* _What the exercise asks_: Each line of the data that mentions the string "with" needs to be identified and copied.

* _Data for review_:
=-=-=-=-=

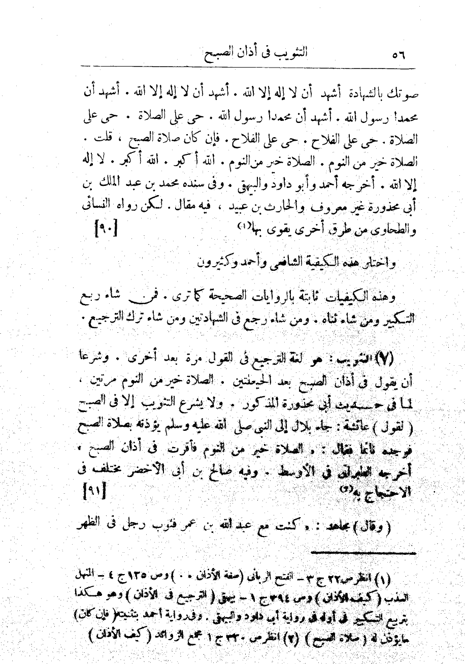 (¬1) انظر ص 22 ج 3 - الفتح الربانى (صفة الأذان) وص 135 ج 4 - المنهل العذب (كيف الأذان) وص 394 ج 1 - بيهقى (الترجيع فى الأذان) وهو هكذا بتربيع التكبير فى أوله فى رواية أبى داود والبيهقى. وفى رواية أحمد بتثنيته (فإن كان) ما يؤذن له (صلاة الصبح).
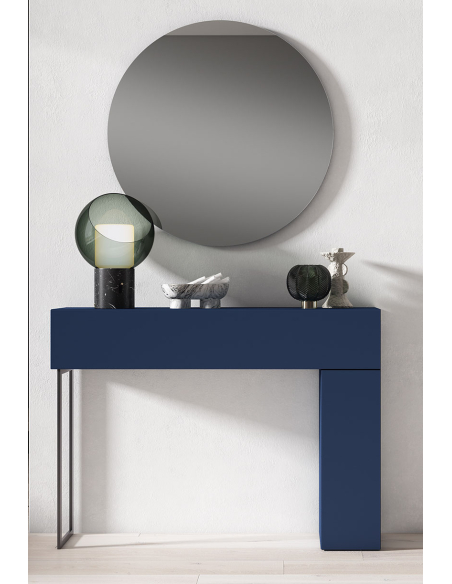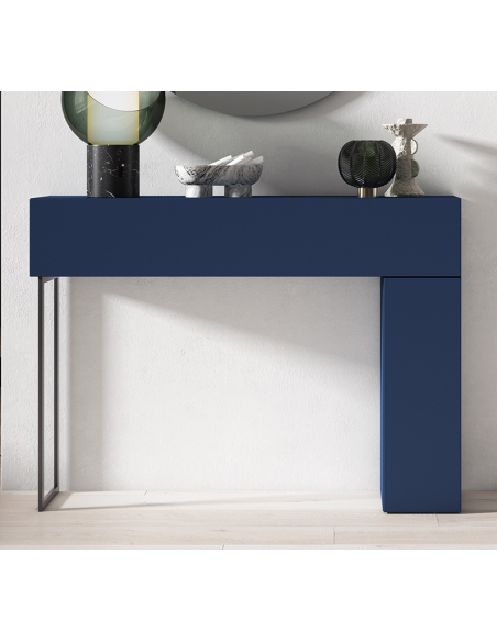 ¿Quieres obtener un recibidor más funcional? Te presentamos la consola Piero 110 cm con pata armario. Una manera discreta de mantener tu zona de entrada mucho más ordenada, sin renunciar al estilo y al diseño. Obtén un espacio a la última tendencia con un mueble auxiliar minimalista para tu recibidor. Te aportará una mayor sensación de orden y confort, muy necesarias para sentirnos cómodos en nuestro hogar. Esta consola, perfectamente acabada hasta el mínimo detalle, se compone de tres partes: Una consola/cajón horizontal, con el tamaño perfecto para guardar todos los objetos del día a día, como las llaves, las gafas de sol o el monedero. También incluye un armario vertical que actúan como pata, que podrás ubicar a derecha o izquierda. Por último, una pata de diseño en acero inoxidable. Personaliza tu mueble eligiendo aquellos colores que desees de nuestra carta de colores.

=-=-=-=-=

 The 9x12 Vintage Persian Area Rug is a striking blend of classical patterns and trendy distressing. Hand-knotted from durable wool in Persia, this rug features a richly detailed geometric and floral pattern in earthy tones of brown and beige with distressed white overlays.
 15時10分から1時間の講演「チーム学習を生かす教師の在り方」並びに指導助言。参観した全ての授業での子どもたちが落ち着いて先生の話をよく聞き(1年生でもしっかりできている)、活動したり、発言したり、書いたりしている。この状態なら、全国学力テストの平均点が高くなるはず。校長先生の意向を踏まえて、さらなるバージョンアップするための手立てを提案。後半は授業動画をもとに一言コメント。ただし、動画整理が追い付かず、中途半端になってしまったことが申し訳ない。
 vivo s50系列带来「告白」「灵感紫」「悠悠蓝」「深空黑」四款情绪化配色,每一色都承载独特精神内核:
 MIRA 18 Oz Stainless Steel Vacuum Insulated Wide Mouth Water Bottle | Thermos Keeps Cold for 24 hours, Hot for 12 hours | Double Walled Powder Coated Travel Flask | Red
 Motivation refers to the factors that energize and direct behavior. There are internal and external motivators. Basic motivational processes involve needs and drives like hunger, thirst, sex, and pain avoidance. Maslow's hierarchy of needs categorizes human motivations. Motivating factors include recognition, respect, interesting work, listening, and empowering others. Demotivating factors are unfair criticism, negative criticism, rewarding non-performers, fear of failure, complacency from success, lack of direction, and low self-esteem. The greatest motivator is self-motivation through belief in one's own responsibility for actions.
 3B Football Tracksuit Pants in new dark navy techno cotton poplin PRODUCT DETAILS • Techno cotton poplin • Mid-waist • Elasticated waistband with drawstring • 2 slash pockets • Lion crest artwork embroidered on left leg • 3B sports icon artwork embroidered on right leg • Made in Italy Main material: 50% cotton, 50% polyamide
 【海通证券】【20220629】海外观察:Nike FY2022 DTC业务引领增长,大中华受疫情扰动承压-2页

=-=-=-=-=

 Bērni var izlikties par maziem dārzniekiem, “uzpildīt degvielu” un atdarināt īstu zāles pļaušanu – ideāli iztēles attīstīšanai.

=-=-=-=-=

* _Output for this exercise_:
 The 9x12 Vintage Persian Area Rug is a striking blend of classical patterns and trendy distressing. Hand-knotted from durable wool in Persia, this rug features a richly detailed geometric and floral pattern in earthy tones of brown and beige with distressed white overlays.
 3B Football Tracksuit Pants in new dark navy techno cotton poplin PRODUCT DETAILS • Techno cotton poplin • Mid-waist • Elasticated waistband with drawstring • 2 slash pockets • Lion crest artwork embroidered on left leg • 3B sports icon artwork embroidered on right leg • Made in Italy Main material: 50% cotton, 50% polyamide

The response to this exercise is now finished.